The temperature in the Thames Valley on that New Year's Day morning was a few degrees higher than in West Cornwall. Barnabas Martin, or rather Barno, as his family and friends called him, opened the front door of his cottage and called, "come on Percy, time for our walk!" His beloved labrador bounded through the hall towards him and followed him outside. This was a morning ritual which Barno rarely missed. His cottage lay on the edge of Cookham Moor, in the village of Cookham in Berkshire, and he and Percy walked every morning across to the river and along its banks. Sometimes, they did the whole circuit, up Winter Hill and back down again, but this morning, he would settle for the usual three mile return trip.

He had spent New Year's Eve with neighbours and friends in Cookham where he had lived since his retirement some ten years ago. His son and daughter-in-law had wanted him to move from Little Wendleman in Suffolk nearer to them in Buckinghamshire for some time. He had resisted for a while, but had been persuaded in the end, and it suited him well. He was able to see more of them and his grandchildren, and he was also much nearer to London where he had a number of friends from his theatre days.

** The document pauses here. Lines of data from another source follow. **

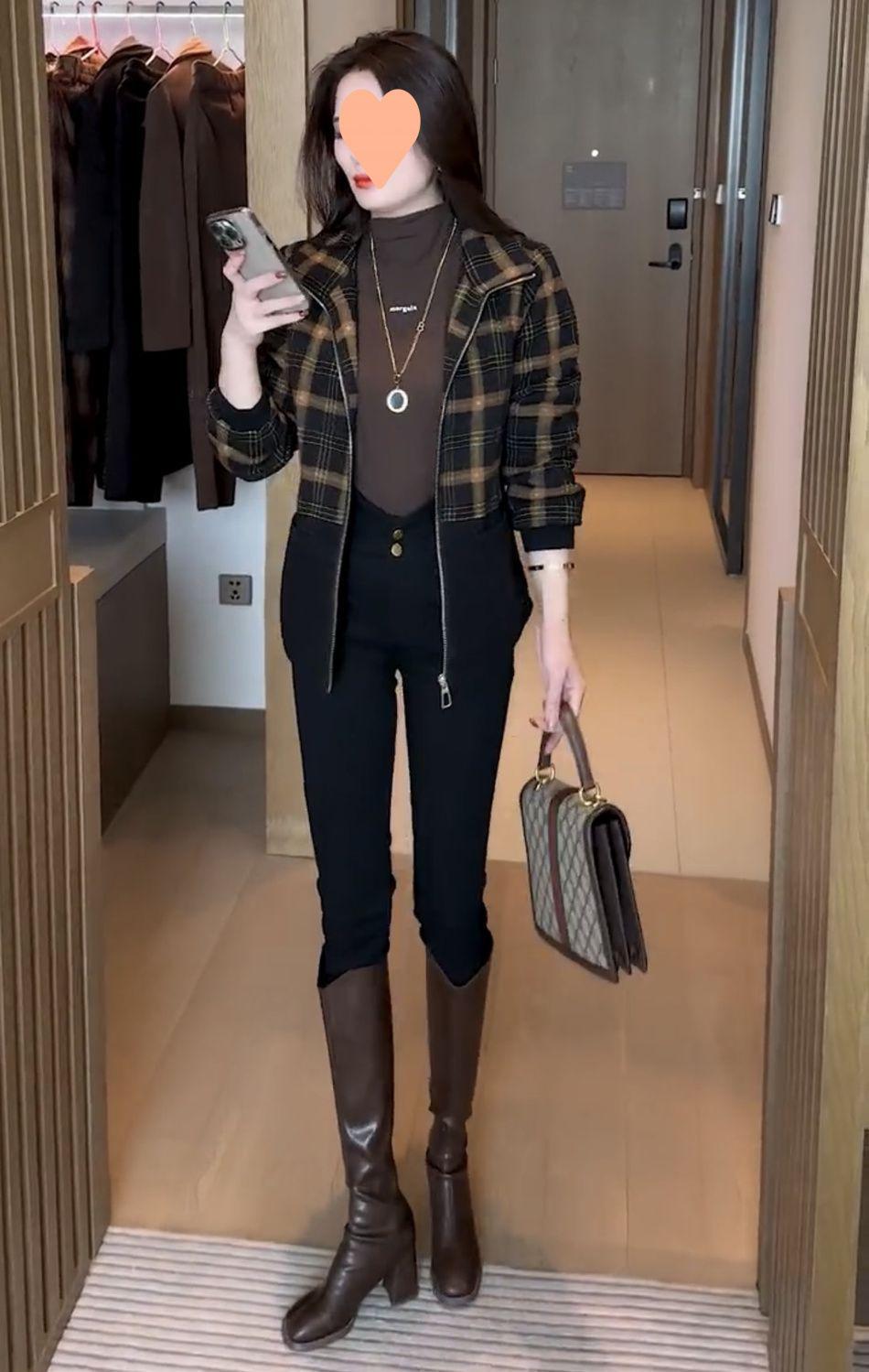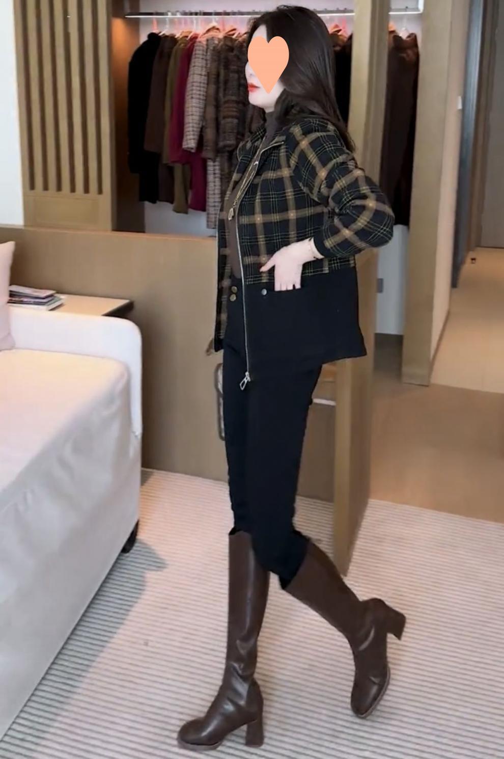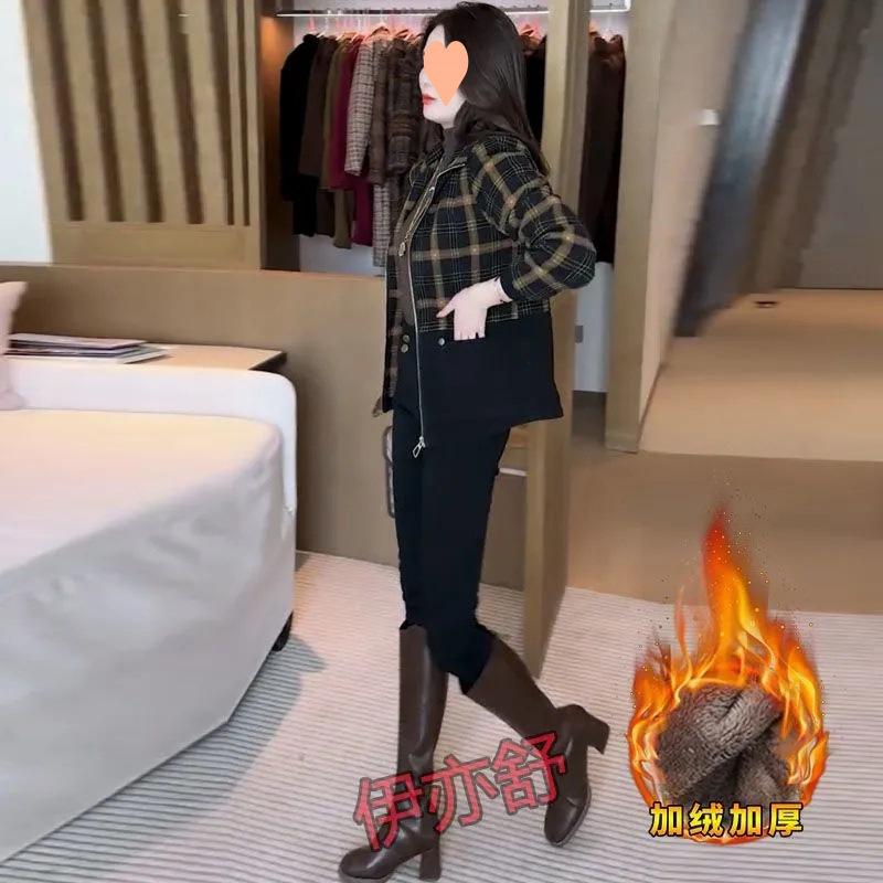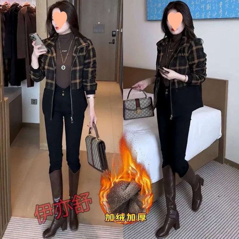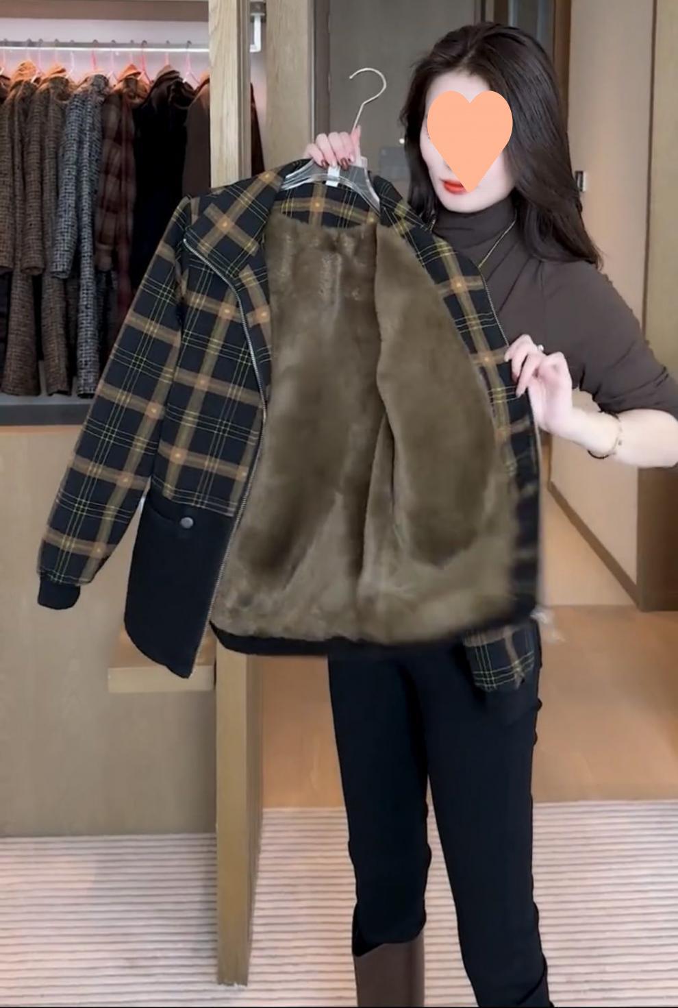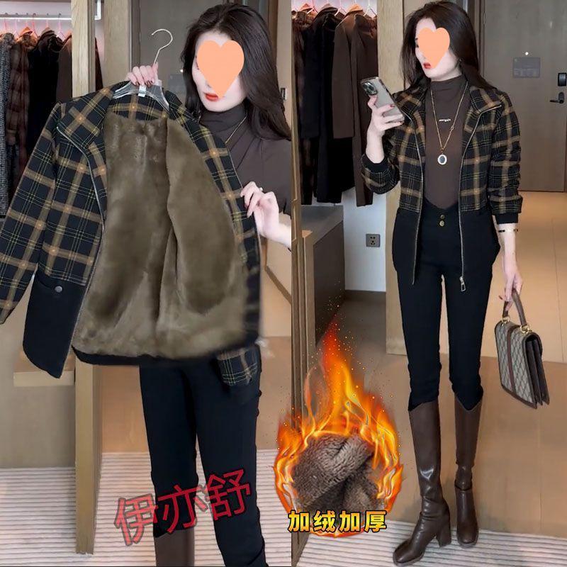 Chaqueta corta a cuadros gruesa con forro polar de moda para mujer 2025 Otoño/Invierno Nuevo estilo Adelgazante Petite Casual
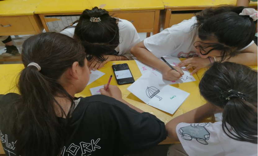為團(tuán)隊(duì)成員員在和孩子們交流畫畫的靈感。
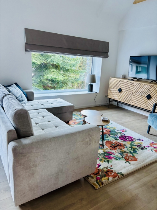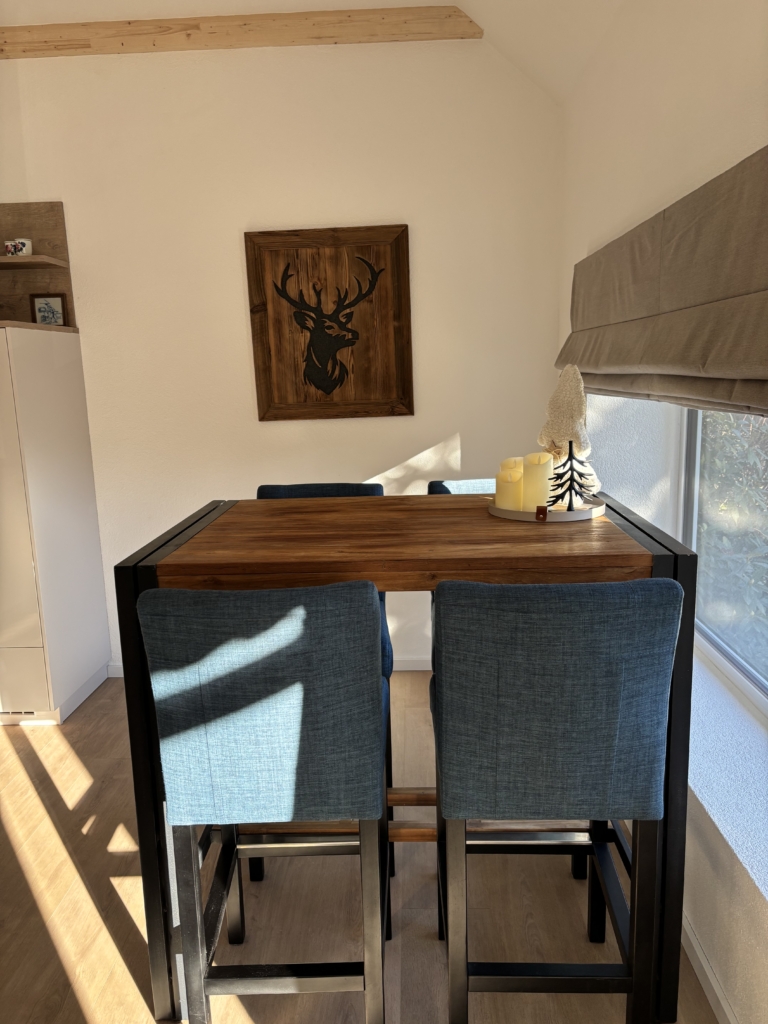 A comfortable (sofa) bed, dining table with 4 chairs to enjoy meals with a direct view of the mountains. A high chair for children is also available. Children’s books and books for adults are in the bookcase. Board games are also provided for many cozy moments together.
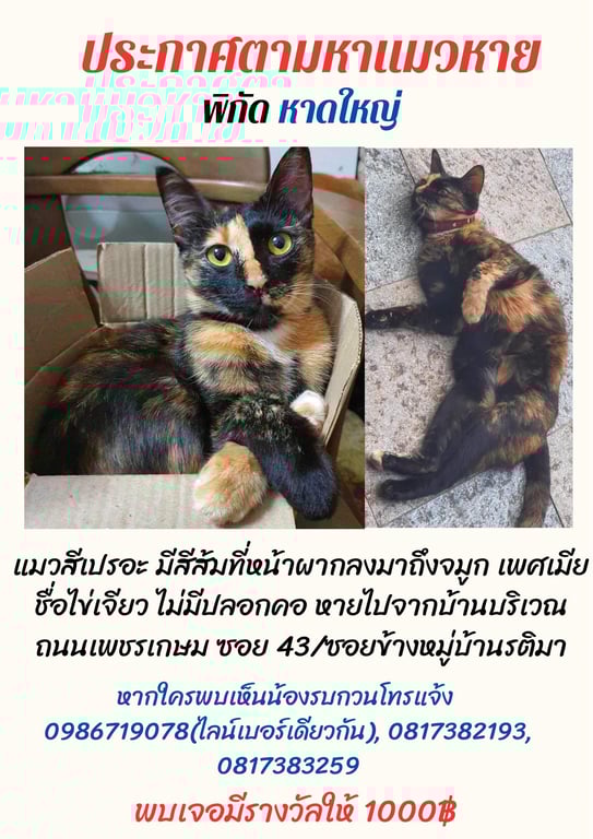 ปกติเลี้ยงแบบเปิดให้ออกมาเล่นบริเวณหน้าบ้านซึ่งน้องจะกลับบ้านถูกเสมอแต่ครั้งนี้น้องหายไปไม่กลับบ้านมาหลายวันจึงคาดว่าน้องจะหลงไปทางอื่นแล้วกลับบ้านไม่ได้ค่ะ

An hour will do this morning, he considered, looking at his watch. He needed to be back by late morning to shower and change before driving the twenty minute journey to Ricklesham to join Barney and Diana for New Year's Day lunch. His family were good to him, he reflected, and of course he loved them all dearly. Discovering he had a son of fifteen when he was just forty had turned his life upside down completely, but in the best possible way.

He recalled that August day when he had received a beautifully written letter out of the blue from a Miss Rebecca Pepper which told Barney's story and enclosed a photograph of him – a younger version of himself. At the time, his own mother had said that looking at the photograph was like looking at a photograph of Barno himself at fifteen, and she had found an old photograph of him to prove it.

All that seemed a long time ago now, he reflected. He was enormously proud of his son and his achievements – Barney had followed him into the theatre but had become more successful than he ever had. Barney had real talent – he had looks, a remarkable stage presence, an extraordinary memory, which helped considerably, a fine singing voice and of course he had those acrobatic skills which gave him a considerable advantage for some roles, particularly in musicals. His unusual accent, a mixture of American and European acquired from his circus days, had eventually been ironed out at boarding school and drama school, and remained what his daughter-in-law described as "glamorously mid-Atlantic" – something between English and American.

Barney was currently playing Benedict in Much Ado About Nothing for the Royal Shakespeare Company in London, and playing to full houses. He knew that Barney had been working on New Year's Eve, and that he and Diana had planned to see in the New Year quietly round the fire with a bottle of champagne when he returned home late. And they will have been as happy as Larry doing just that, he smiled.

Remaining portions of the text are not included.